Олден чуть наклонился вперёд.

— У меня уже руки-ноги затекли! А ну, отвязывай!

— И вовсе не затекли, — следует флегматичная поправка.

— Тебе откуда знать?

— А кому, как не мне? Я все мышцы тебе разминал, между прочим!

М-м-м-м-м. Конечно, разминал. Чтобы кровь не застаивалась. Делал свою работу на совесть, за что честь моему лекарю и хвала. Будет. Попозже.

— Я же сказал: отвязывай! Со слухом плохо?

— Со слухом у меня всё хорошо. Так же хорошо, как у тебя с соображением. И ты прекрасно знаешь, чем нам с тобой нужно заняться. Знаешь ведь?

Я скривился. Конечно, знаю. И судьбы своей избежать не могу. А может быть, и не хочу.

— Сейчас?

— Сейчас, — кивнул маг. — А вообще, ты везунчик, Рэйден: прорезаны только мышцы, ни кости, ни внутренние органы не задеты. Будет легче.

— Кто сказал?

— Ну... — он немного смутился. — Разве тебе самому не проще «заговаривать» только кровь?

— Нет, — отвечаю. Коротко и зло.

Олден вздохнул, как всегда, не веря ни одному моему слову, и потянулся за склянкой, наполненной тёмно-серой, с металлическим отливом слизью, а я закрыл глаза и сосредоточился на себе самом.

Вот сейчас маг согреет склянку в пламени масляной лампы до той теплоты, которая свойственна живому телу, слизь станет жидкой и клейкой, чтобы заполнить собой и срастить мои раны. Но этого мало: ткани не восстановятся, пока кровь не будет заговорена. И моя кровь, и кровь лунного угря, которую и греет сейчас Олли... Уже нагрел.

— Ма-а-а-а-ать!

Почему мне всегда больно в момент, когда принадлежащая чужому и чуждому существу жидкость проникает в моё тело? Она же не ядовита, не обжигает, не щиплет, а поди ж ты: каждый раз ору, как резаный. Те самые мгновения, пока ток не прекратится. Потом всё встаёт на свои места, и я чувствую только присутствие в себе чего-то лишнего, не более. Это неприятно, но вовсе не смертельно. А чтобы оно превратилось в «моё», нужно всего ничего: заговорить.

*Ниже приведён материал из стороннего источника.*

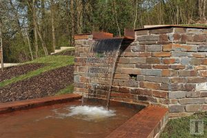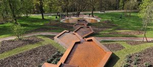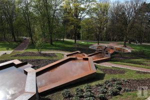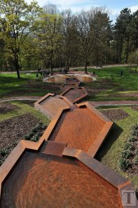 Die Mauern, die die Becken umrahmen, wurden aus „Grauwacke“ bebaut, einem Sedimentgestein aus den Norden des Landes. Die Becken selbst bestehen aus „Cortenstahl“. Dessen „rostige“ Farbe passe gut zu der „Grauwacke“, wurde gestern betont. Dazu kommt eine angepasste, „leichte“ Begrünung.

Точнее, поговорить. Убедить стать одним целым со мной, раз уж другого варианта не предвидится. И кровь всегда соглашается, потому что пропитана «лунным серебром». Потому что почти вся состоит из него.

Лунный угорь — рыба редкая, своенравная и трудноуловимая, живущая высоко по течению Лавуолы. Говорят, пробовали его разводить в садках, но ничего не получилось: не захотел жить в неволе, поэтому рыболовам приходится использовать всё своё умение, чтобы изловить гордеца и доставить в Антрею. Честно говоря, мясо у него не ахти какое из-за сильного металлического привкуса, зато очень красиво выглядит, переливаясь на блюде всеми красками радуги. Собственно, только ради красоты его и ловят: чтобы украсить королевский стол по особо торжественным случаям. А есть никто не будет. Кроме меня. Да и то, при зрителях я к угрю не притрагиваюсь: жду окончания празднества, чтобы, уволоча рыбину домой, давиться ею в полном одиночестве. Потому что так положено. Потому что радужное мясо для меня очень полезно. Но боги, какое же оно мерзкое! Наизнанку бы выворачивало, если бы сам себя не уговаривал. И не «заговаривал».